Exercise: Your copy should match the listing below exactly, except that it holds no images.

Records:
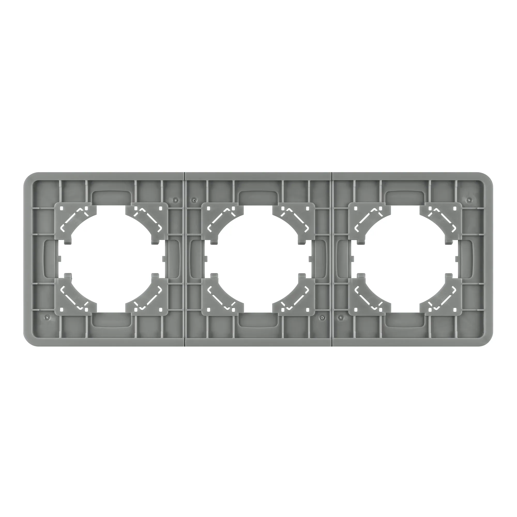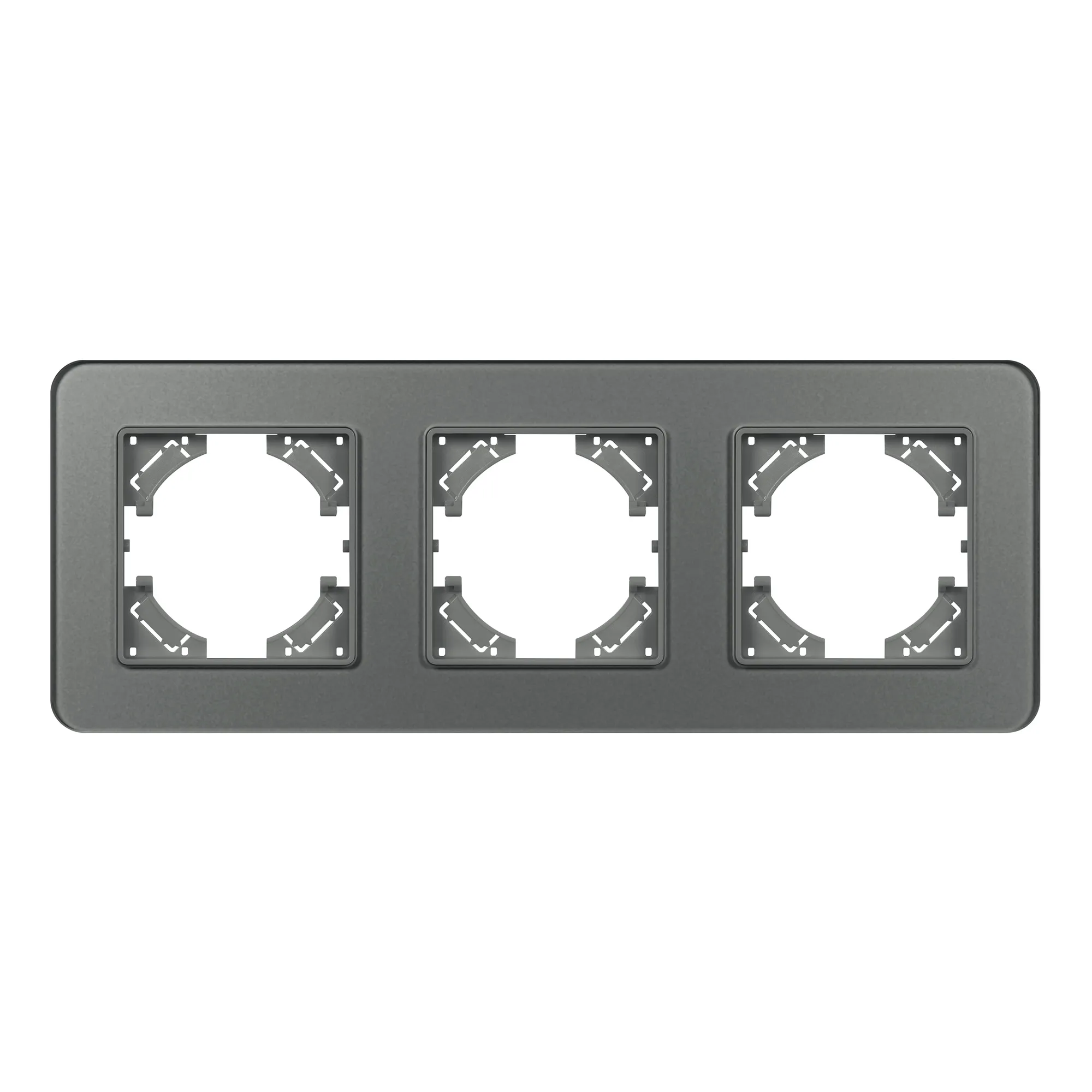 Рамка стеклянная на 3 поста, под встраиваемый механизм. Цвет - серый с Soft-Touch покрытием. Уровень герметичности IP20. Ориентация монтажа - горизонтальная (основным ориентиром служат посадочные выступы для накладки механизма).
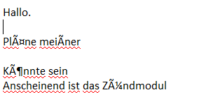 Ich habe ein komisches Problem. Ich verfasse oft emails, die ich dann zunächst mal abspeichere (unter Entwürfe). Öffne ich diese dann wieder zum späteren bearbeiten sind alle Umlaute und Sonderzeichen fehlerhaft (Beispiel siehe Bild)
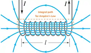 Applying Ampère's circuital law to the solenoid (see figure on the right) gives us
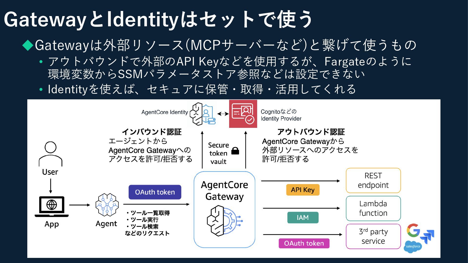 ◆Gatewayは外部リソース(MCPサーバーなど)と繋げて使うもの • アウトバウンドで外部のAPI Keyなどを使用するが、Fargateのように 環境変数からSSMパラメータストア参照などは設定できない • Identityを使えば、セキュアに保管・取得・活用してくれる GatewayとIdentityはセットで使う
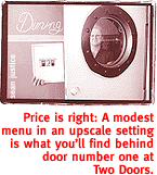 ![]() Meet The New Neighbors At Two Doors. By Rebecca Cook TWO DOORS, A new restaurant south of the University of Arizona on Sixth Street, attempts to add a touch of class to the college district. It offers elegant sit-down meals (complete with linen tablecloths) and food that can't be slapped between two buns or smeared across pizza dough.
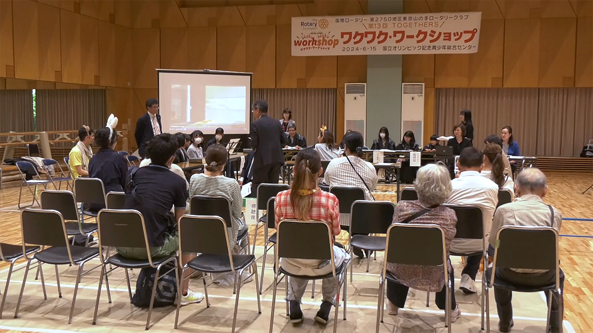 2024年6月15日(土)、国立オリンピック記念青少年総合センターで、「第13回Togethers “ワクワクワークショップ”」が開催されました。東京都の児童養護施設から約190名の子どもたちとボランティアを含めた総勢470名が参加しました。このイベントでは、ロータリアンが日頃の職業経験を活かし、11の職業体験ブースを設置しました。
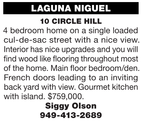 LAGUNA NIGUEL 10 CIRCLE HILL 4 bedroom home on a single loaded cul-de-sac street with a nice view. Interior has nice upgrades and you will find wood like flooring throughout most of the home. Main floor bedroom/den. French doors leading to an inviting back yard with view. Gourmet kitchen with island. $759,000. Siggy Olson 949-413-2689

Answer box:
 Рамка стеклянная на 3 поста, под встраиваемый механизм. Цвет - серый с Soft-Touch покрытием. Уровень герметичности IP20. Ориентация монтажа - горизонтальная (основным ориентиром служат посадочные выступы для накладки механизма).
 Ich habe ein komisches Problem. Ich verfasse oft emails, die ich dann zunächst mal abspeichere (unter Entwürfe). Öffne ich diese dann wieder zum späteren bearbeiten sind alle Umlaute und Sonderzeichen fehlerhaft (Beispiel siehe Bild)
 Applying Ampère's circuital law to the solenoid (see figure on the right) gives us
 ◆Gatewayは外部リソース(MCPサーバーなど)と繋げて使うもの • アウトバウンドで外部のAPI Keyなどを使用するが、Fargateのように 環境変数からSSMパラメータストア参照などは設定できない • Identityを使えば、セキュアに保管・取得・活用してくれる GatewayとIdentityはセットで使う
 ![]() Meet The New Neighbors At Two Doors. By Rebecca Cook TWO DOORS, A new restaurant south of the University of Arizona on Sixth Street, attempts to add a touch of class to the college district. It offers elegant sit-down meals (complete with linen tablecloths) and food that can't be slapped between two buns or smeared across pizza dough.
 2024年6月15日(土)、国立オリンピック記念青少年総合センターで、「第13回Togethers “ワクワクワークショップ”」が開催されました。東京都の児童養護施設から約190名の子どもたちとボランティアを含めた総勢470名が参加しました。このイベントでは、ロータリアンが日頃の職業経験を活かし、11の職業体験ブースを設置しました。
 LAGUNA NIGUEL 10 CIRCLE HILL 4 bedroom home on a single loaded cul-de-sac street with a nice view. Interior has nice upgrades and you will find wood like flooring throughout most of the home. Main floor bedroom/den. French doors leading to an inviting back yard with view. Gourmet kitchen with island. $759,000. Siggy Olson 949-413-2689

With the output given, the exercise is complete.